Exosome-associated transmembrane protein, CD63, was expressed in its glycosylated form in exosome samples whereas whole cell lysates for the positive control (HepG2 cells) and for HCT116 p53+/+ cells expressed non-glycosylated and partially-glycosylated CD63, respectively (Fig 4A). The whole cell lysates extracted from UV-exposed cells appeared to undergo glycosylation to a greater extent than those which were extracted from non-UV-exposed cells. The observed expression of fully glycosylated CD63 was expected for exosome samples as found previously by Jelonek et al . Furthermore, the absence of non-glycosylated or partially-glycosylated CD63 in the exosome isolates could be suggestive of a lack of contamination by cellular material in the exosome sample.

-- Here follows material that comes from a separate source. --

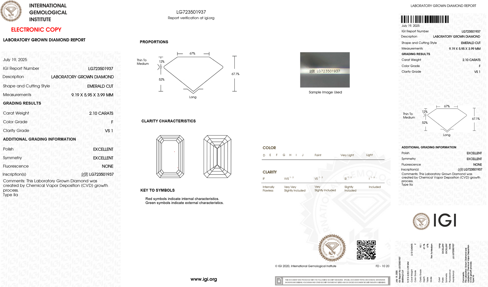 2.10ct Emerald Cut Lab Diamond – F VS1

(A) CD63 (glycosylated form: 30–70 kDa, non-glycosylated form: 25 kDa), (B) TSG101 (49 kDa), and (C) Actin (42 kDa). Lane 1: positive control (10 μg protein from HepG2 whole cell lysate for CD63 and actin antibodies; 10 μg protein from HeLa whole cell lysate for TSG101 antibody). Lane 2: exosomes extracted from HCT116 p53 +/+ CCCM. Lane 3: HCT116 p53 +/+ whole cell lysate not exposed to UV. Lane 4: exosomes extracted from HCT116 p53 +/+ UV-ICCM. Lane 5: HCT116 p53 +/+ whole cell lysate exposed to UV. All lanes contain 10 μg protein each. The lack of actin expression demonstrated by lanes 2 and 4 indicate the absence of actin in exosome samples. Because actin is not required for exosome transport, the absence of actin in exosome samples is expected and indicates a lack of contamination by cellular debris in the exosome isolates.

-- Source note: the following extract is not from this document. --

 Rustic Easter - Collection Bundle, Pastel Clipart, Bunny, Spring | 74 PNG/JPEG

Upon assessing protein expression in exosome samples extracted from UV biophoton-exposed and non-exposed cells, it was shown that CD63 expression in exosomes from UV biophoton-exposed cells was significantly greater than that expressed in control exosomes (p = 0.028). The area under the curve, representative of band density as assessed by ImageJ, produced a normalized value of 9.8 ± 0.5 for exosomes extracted from UV biophoton-exposed cells and a value of 8.7 ± 0.1 for control exosomes (normalized to expression of HepG2 positive control). From these results, it can be suggested that the exposure of cells to UV biophotons may be responsible for initiating a release of exosomes from UV biophoton-exposed cells which is greater than the quantity of exosomes that would be secreted from non-UV-exposed cells. It is noted, however, that whole cell lysates subjected to secondary UV biophotons did not express CD63 to a degree that was significantly different from non-UV-exposed HCT116 cells (p = 0.779, normalized protein expression value: 1.64 ± 0.06 and 1.76 ± 0.29, respectively). Thus, the suggestion that UV biophoton exposure triggers the release of more exosomes requires further investigation before a sound conclusion can be drawn.

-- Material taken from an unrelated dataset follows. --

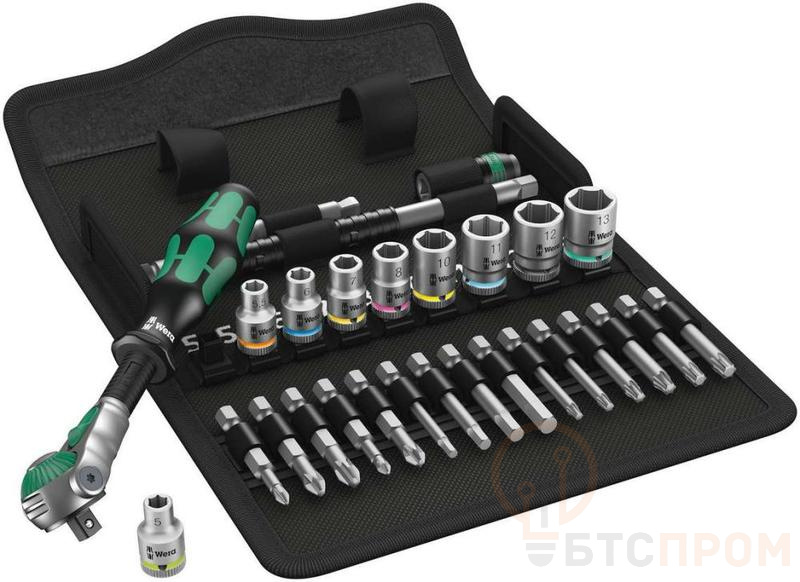 Набор 1/4дюйм головок и 1/4дюйм бит с трещоткой 8100 SA 6 Zyklop Speed 28 предметов Wera WE-004016 фото в каталоге от BTSprom.by

The second exosome-associated protein assessed in the current study, TSG101, is a cytosolic protein that is a component of the endosomal sorting complex required for transport and is involved in the generation of exosomes . TSG101 expression was evident in both exosome samples and whole cell lysates for HCT116 p53 +/+ cells (Fig 4B). Upon comparing TSG101 expression between UV biophoton-exposed and non-exposed cells, the degree of protein expression did not differ among exosome isolates (p = 0.685, normalized protein expression: 3.9 ± 0.38 and 3.7 ± 0.44, respectively) nor among whole cell lysates (p = 0.182, normalized protein expression: 3.2 ± 0.25 and 2.6 ± 0.13, respectively). The lack of difference in TSG101 protein expression between exosome samples extracted from UV biophoton-exposed cells and control exosome samples casts doubt upon the idea that UV biophotons trigger the release of more exosomes from exposed cells. Rather, the difference in mitochondrial membrane potential and clonogenic survival induced by the exosomes from UV-ICCM may be explained, not by a greater quantity of exosomes, but a difference in the contents of the exosomes released by the UV-exposed cells and the control cells. This suggestion would of course require further investigation that is beyond the scope of this study at the present time.
Actin served as a negative control for protein expression in exosome samples such that its expression was not expected in exosome isolates but was expected in whole cell lysates [41, 42]. The results conferred in the current study agree with the aforementioned hypothesis since actin expression was present in HCT116 p53 +/+ whole cell lysates but not in exosome samples (Fig 4C).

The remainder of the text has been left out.